In a new book,"Peripheral Vision: Detecting the Weak Signals That Will Make or Break Your Company ", author George Day and co-author Paul Schoemaker make the case for open minded management. Mr. Day sez most "...90% of CEO's act more like COO's" (more concerned with short term profits) than asking questions about the periphery or edge (read John Hagel - global process networks) of the business.
I find the idea compelling because it jibes with what we try to get across to managers with Ideascape (enterprise social networks). Businesses need a lightweight system to connect employees, partners, suppliers, and customers to ideas and information so that they can interact and make better decisions - faster.
If you're interested in this stuff, take a look at the cluetrain manifesto.
Anyway, Wharton has a podcast interview with Mr. Day. (reg req)

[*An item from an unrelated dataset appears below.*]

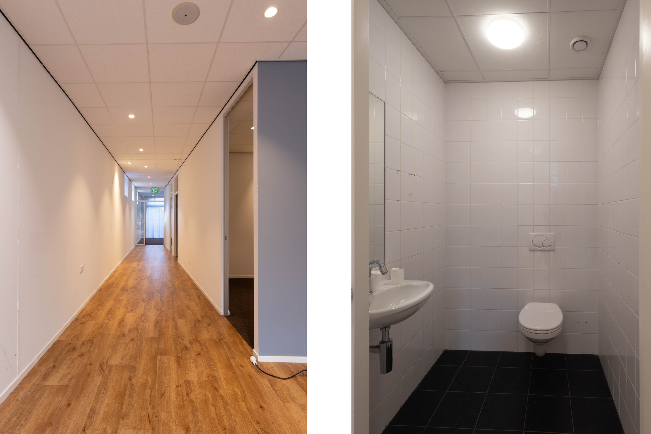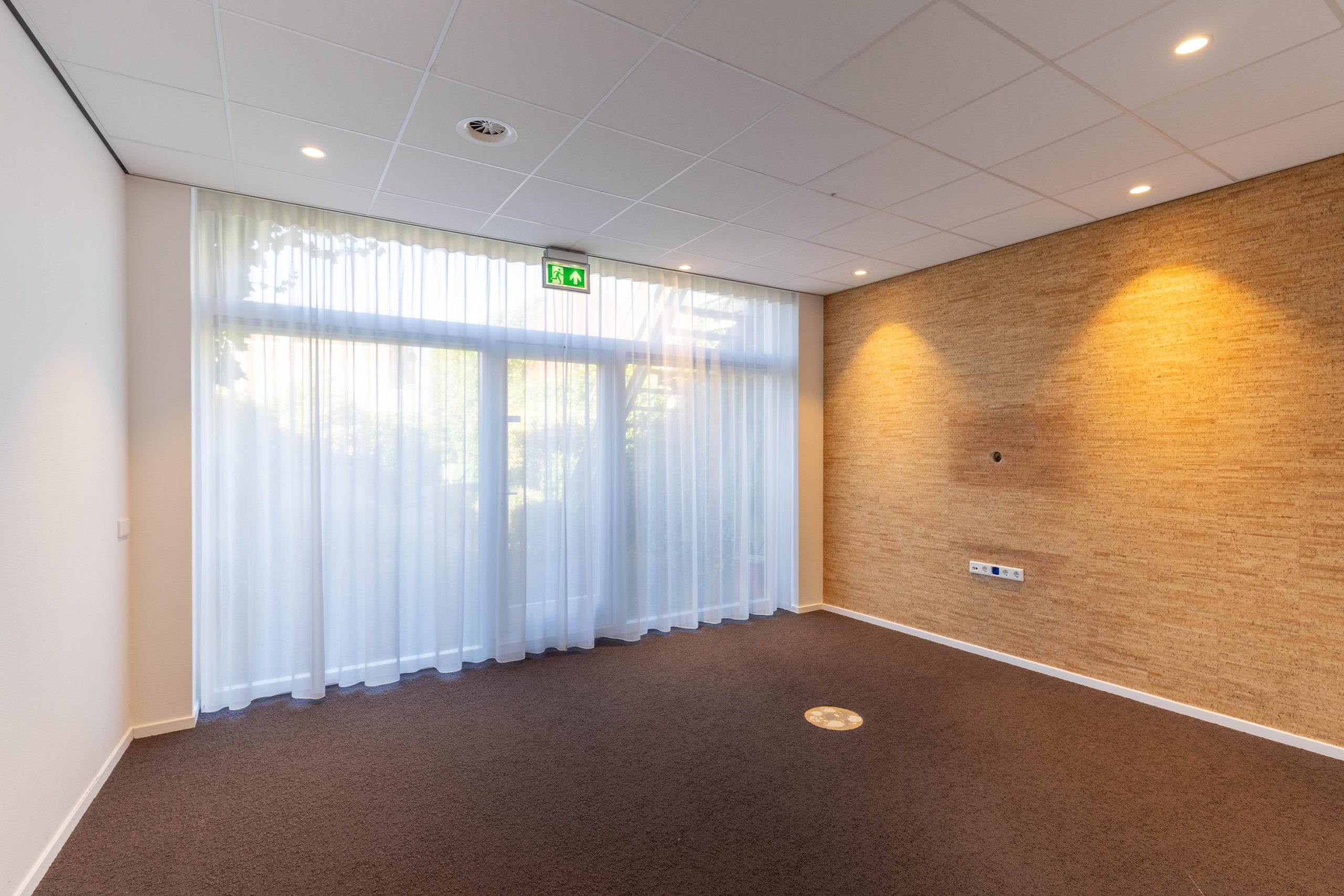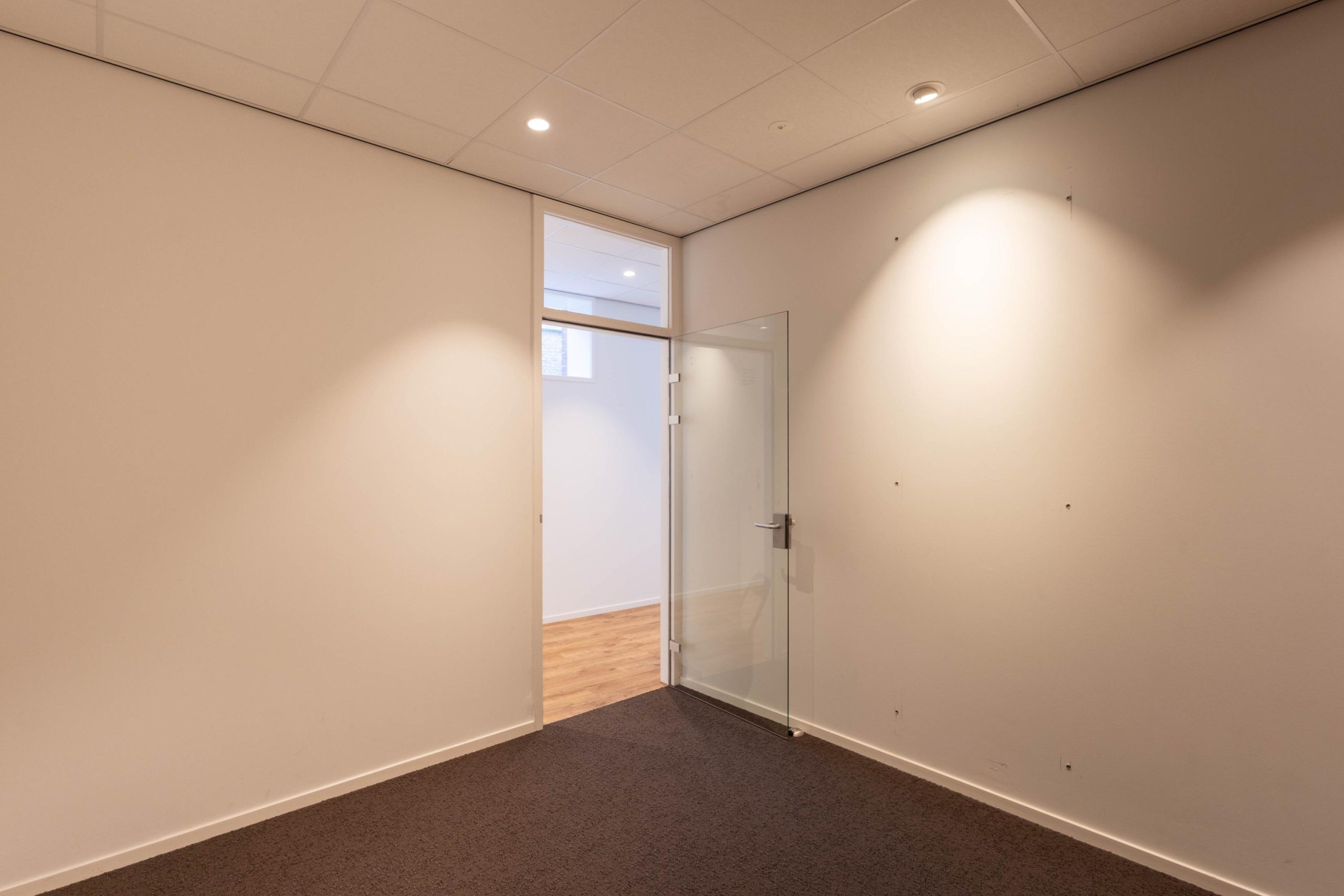 Indeling: balie/receptie, inloopkast/garderobe, trapkast met patchkast, open werkplekken, kantoor I (ca. 10 m2), kantoor II (ca. 9m3) tussen hal met toilet en keuken (ca. 6 m2), ruime spreekkamer/kantoor (ca. 20 m2) met deur naar de tuin.
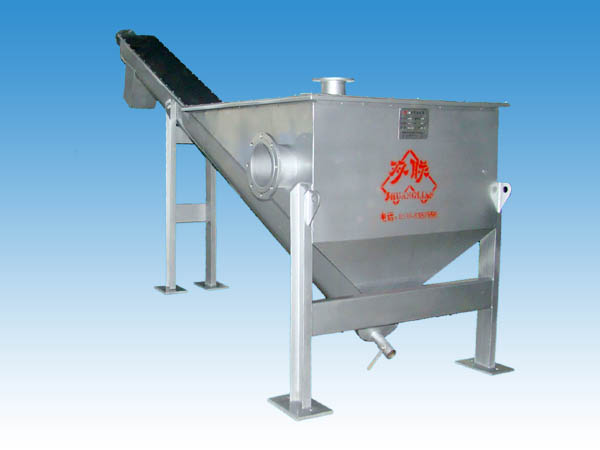 砂水分離器設(shè)備角度一般在20-30°之間,砂水混合液從分離器一端頂部輸入水箱,混合液中重度較大的如砂粒等將沉積于槽形底部,在螺旋的推動(dòng)下,砂粒沿斜置的U型槽底提升,離開液面后繼續(xù)推移一段距離,在砂粒充分脫水后經(jīng)排砂口卸至盛砂桶,而與砂分離后的水則從溢流口排出并送往廠內(nèi)進(jìn)水池。

"In Wharton marketing professor George Day's world, the term "peripheral vision" means the ability of companies to detect, interpret and act on distant signals, whether a rumor heard about a new rival, a newspaper article about a new medical device, or the popularity of a blog started by a dissatisfied customer."
Funny thing about blogs. I read this morning, "The balance of power shifts from seller to buyer" by Stuart Lauchlan. Mr. Lauchlan, lmao, describes in detail his trouble trying to use his ATM card from Barclays Bank. He also has a link to a post about a new study on trends in the marketplace. Mr. Lauchlan, "...its basic premise that the balance of power has shifted from seller to buyer - but the sellers haven't woken up to this idea yet. As such a lot of companies are going to end up in a lot of trouble as buyers exert their new found power."
Interesting! Last year, Jeff Jarvis blogged about the problems he was having with Dell Computer's customer support. I wondered at the time (06-2006 - Dell trading at 41) what effect the Dell PR nightmare would have on stock price. Well, today the stock is trading at 24 (a 52 week low).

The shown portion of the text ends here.